Investigating the spatial and vertical patterns of wetland soil organic carbon concentration (SOCc) is important for understanding the regional carbon cycle and managing the wetland ecosystem. By integrating 160 wetland soil profile samples and environmental variables from climatic, topographical, and remote sensing data, we spatially predicted the SOCc of wetlands in China’s Western Songnen Plain by comparing four algorithms: random forest (RF), support vector machine (SVM) for regression, inverse distance weighted (IDW), and ordinary kriging (OK). The predicted results of the SOCc from the different algorithms were validated against independent testing samples according to the mean error, root mean squared error, and correlation coefficient. The results show that the measured SOCc values at depths of 0–30, 30–60, and 60–100 cm were 15.28, 7.57, and 5.22 g·kg −1 , respectively. An assessment revealed that the RF algorithm was most accurate for predicting SOCc; its correlation coefficients at the different depths were 0.82, 0.59, and 0.51, respectively. The attribute importance from the RF indicates that environmental variables have various effects on the SOCc at different depths. The land surface temperature and land surface water index had a stronger influence on the spatial distribution of SOCc at the depths of 0–30 and 30–60 cm, whereas topographic factors, such as altitude, had a stronger influence within 60–100 cm. The predicted SOCc of each vertical depth increased gradually from south to north in the study area.
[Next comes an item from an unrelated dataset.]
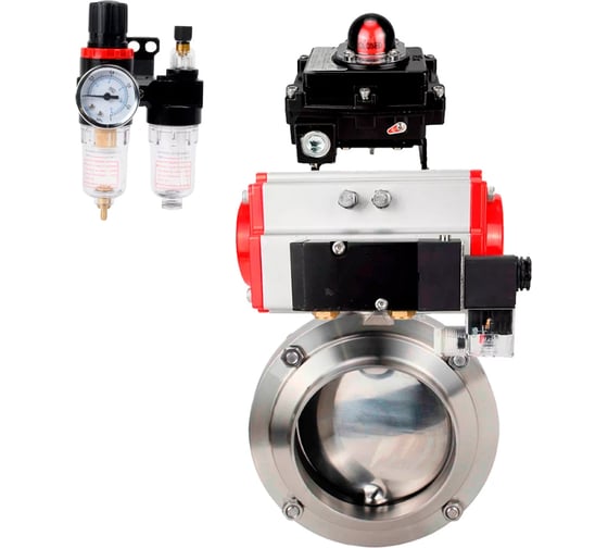 Затвор дисковый поворотный предназначен для использования в качестве запорной или регулирующей арматуры для управления потоками в системах теплоснабжения, водоснабжения, в технологических процессах пищевой, химической, нефтегазовой, целлюлозно-бумажной и других отраслях промышленности. Принцип работы: Затворы открываются и закрываются путем поворота диска на 90°. Открытие производится поворотом рукоятки против часовой стрелки, закрытие - по часовой стрелке. Приводы пневматические DN.ru поворотные двойного действия DA-XXX и приводы пневматические поворотные с возвратной пружиной SA-XXX предназначены для автоматизации процесса управления промышленной арматурой при максимальном значении крутящего момента до 2128 Нм. Пневмораспределители используются для управления в пневмосистемах, имеющих стыковочную поверхность NAMUR, для установки распределителей через сквозные отверстия в корпусе. Блок концевых выключателей – это электротехническое устройство, предназначенное для размыкания и замыкания рабочей цепи и для визуализации положений запорного органа трубопроводной арматуры. Блок подготовки воздуха предназначен для очистки сжатого воздуха от капельной влаги и твердых частиц, удаления конденсата, автоматического поддержания величины давления на заданном уровне, подвода смазочного материала из резервуара в поток сжатого воздуха к элементам пневмосистемы. Товар может отличаться от представленного на фото, при выборе ориентируйтесь на технические характеристики.
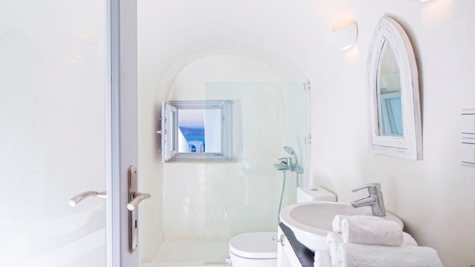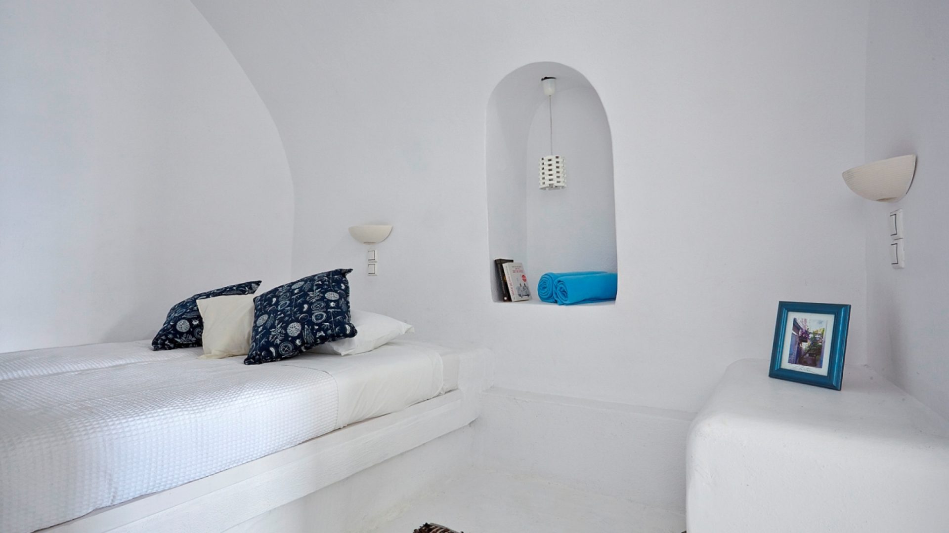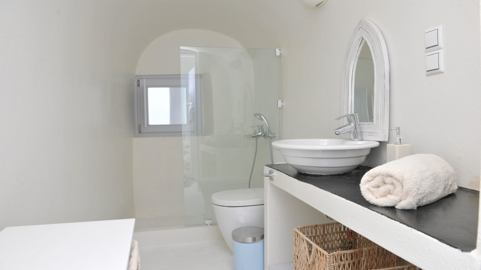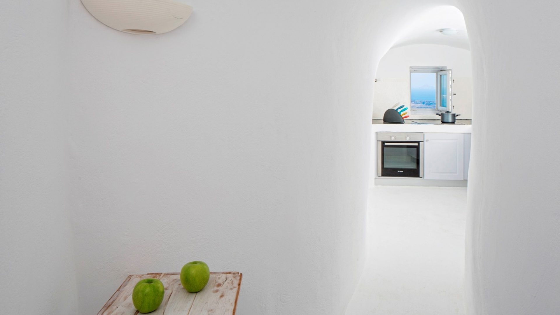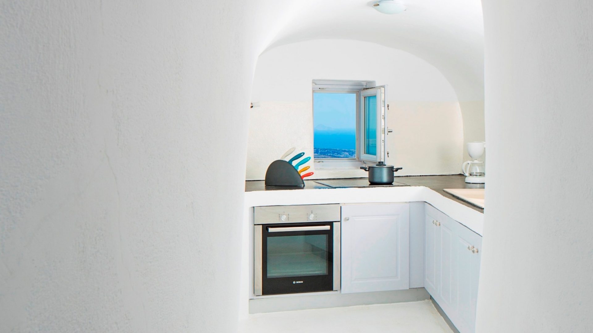 Enter the lower floor cave house – if you can take your eyes off the view that is! –which offers fresh white interiors with the continuous flow from living space to bedroom creating a quietly cool and friendly atmosphere.  This floor boasts a spacious double bedroom with a gorgeous en-suite bathroom with his and hers vanities.  Ideally a cave house for two, there is additional sleeping room for extra guests on the banquette style couch, which is serviced by a second bathroom just off the lounge. For those who love to cook, the piece-de-resistance of this villa will most definitely be the kitchen – an uninterrupted Caldera view from your stove top. A private sun-drenched terrace with soul-stirring views and outdoor Jacuzzi – plunge pool complete the picture.

This research provides an important case study for predicting SOCc, including selecting factors and algorithms, and helps with understanding the carbon cycles of regional wetlands.

Suggested Citation

  • Yongxing Ren & Xiaoyan Li & Dehua Mao & Zongming Wang & Mingming Jia & Lin Chen, 2020. "Investigating Spatial and Vertical Patterns of Wetland Soil Organic Carbon Concentrations in China’s Western Songnen Plain by Comparing Different Algorithms," Sustainability, MDPI, vol. 12(3), pages 1-13, January.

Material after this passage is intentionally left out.